- WORK TO BE COMPLETED -
The answer must be the full data, restated word for word, with no pictures in it.

[Data entries]
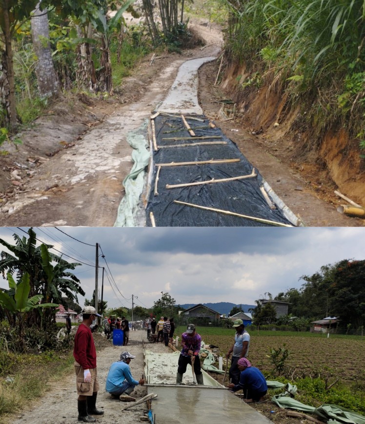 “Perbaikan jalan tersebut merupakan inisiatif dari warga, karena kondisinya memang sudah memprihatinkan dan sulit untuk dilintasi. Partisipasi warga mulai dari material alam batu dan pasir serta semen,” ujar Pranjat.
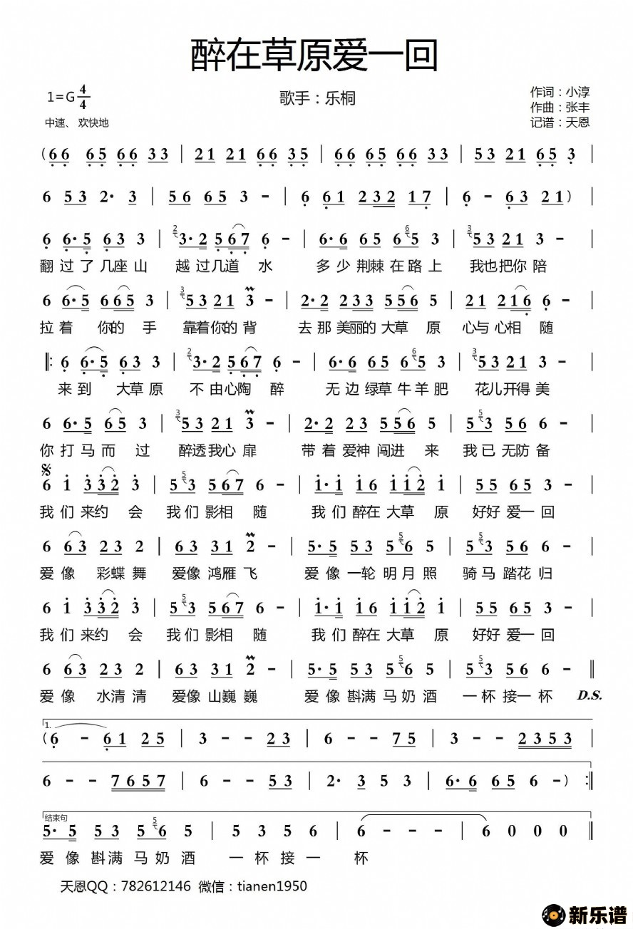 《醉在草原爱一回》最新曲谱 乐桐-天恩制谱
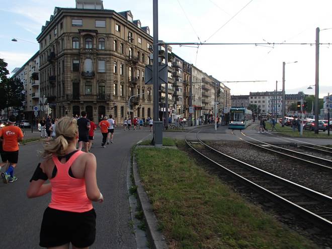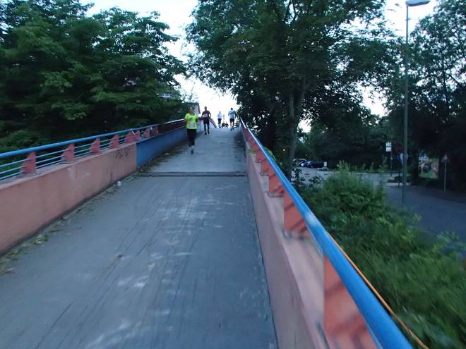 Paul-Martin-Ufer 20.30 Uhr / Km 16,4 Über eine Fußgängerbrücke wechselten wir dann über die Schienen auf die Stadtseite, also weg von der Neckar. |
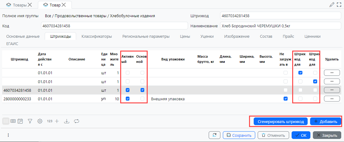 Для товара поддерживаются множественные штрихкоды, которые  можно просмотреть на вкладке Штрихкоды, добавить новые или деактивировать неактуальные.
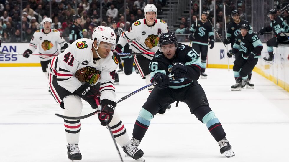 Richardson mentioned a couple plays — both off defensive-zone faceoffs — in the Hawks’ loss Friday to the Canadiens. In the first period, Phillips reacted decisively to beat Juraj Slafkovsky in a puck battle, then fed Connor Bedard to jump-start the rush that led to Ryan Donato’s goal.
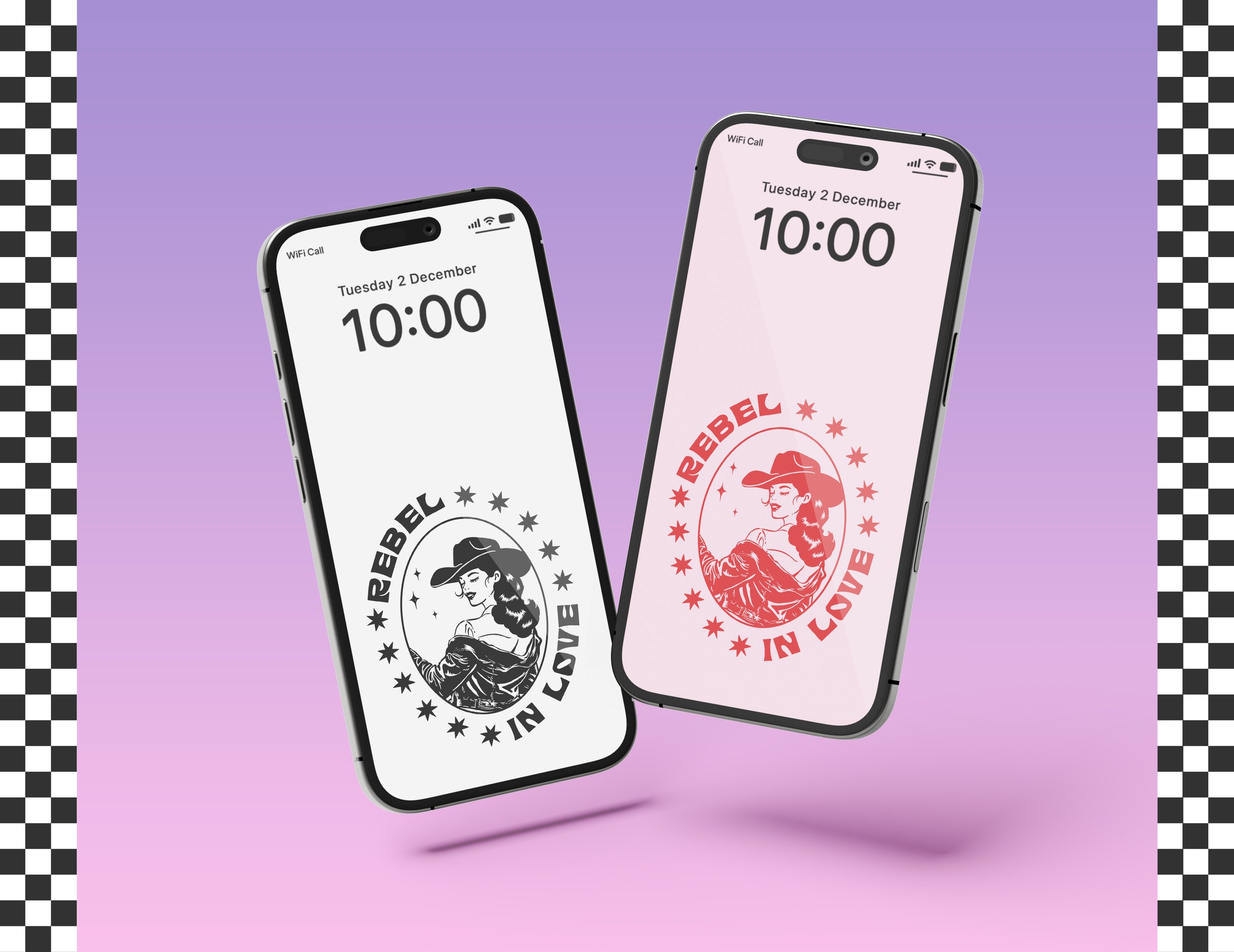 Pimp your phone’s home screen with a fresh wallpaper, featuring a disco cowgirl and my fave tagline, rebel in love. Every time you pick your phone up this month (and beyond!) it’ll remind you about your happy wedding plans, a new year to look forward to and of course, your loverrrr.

- SOLUTION TO THE PROBLEM -
 “Perbaikan jalan tersebut merupakan inisiatif dari warga, karena kondisinya memang sudah memprihatinkan dan sulit untuk dilintasi. Partisipasi warga mulai dari material alam batu dan pasir serta semen,” ujar Pranjat.
 《醉在草原爱一回》最新曲谱 乐桐-天恩制谱
 Paul-Martin-Ufer 20.30 Uhr / Km 16,4 Über eine Fußgängerbrücke wechselten wir dann über die Schienen auf die Stadtseite, also weg von der Neckar. |
 Для товара поддерживаются множественные штрихкоды, которые  можно просмотреть на вкладке Штрихкоды, добавить новые или деактивировать неактуальные.
 Richardson mentioned a couple plays — both off defensive-zone faceoffs — in the Hawks’ loss Friday to the Canadiens. In the first period, Phillips reacted decisively to beat Juraj Slafkovsky in a puck battle, then fed Connor Bedard to jump-start the rush that led to Ryan Donato’s goal.
 Pimp your phone’s home screen with a fresh wallpaper, featuring a disco cowgirl and my fave tagline, rebel in love. Every time you pick your phone up this month (and beyond!) it’ll remind you about your happy wedding plans, a new year to look forward to and of course, your loverrrr.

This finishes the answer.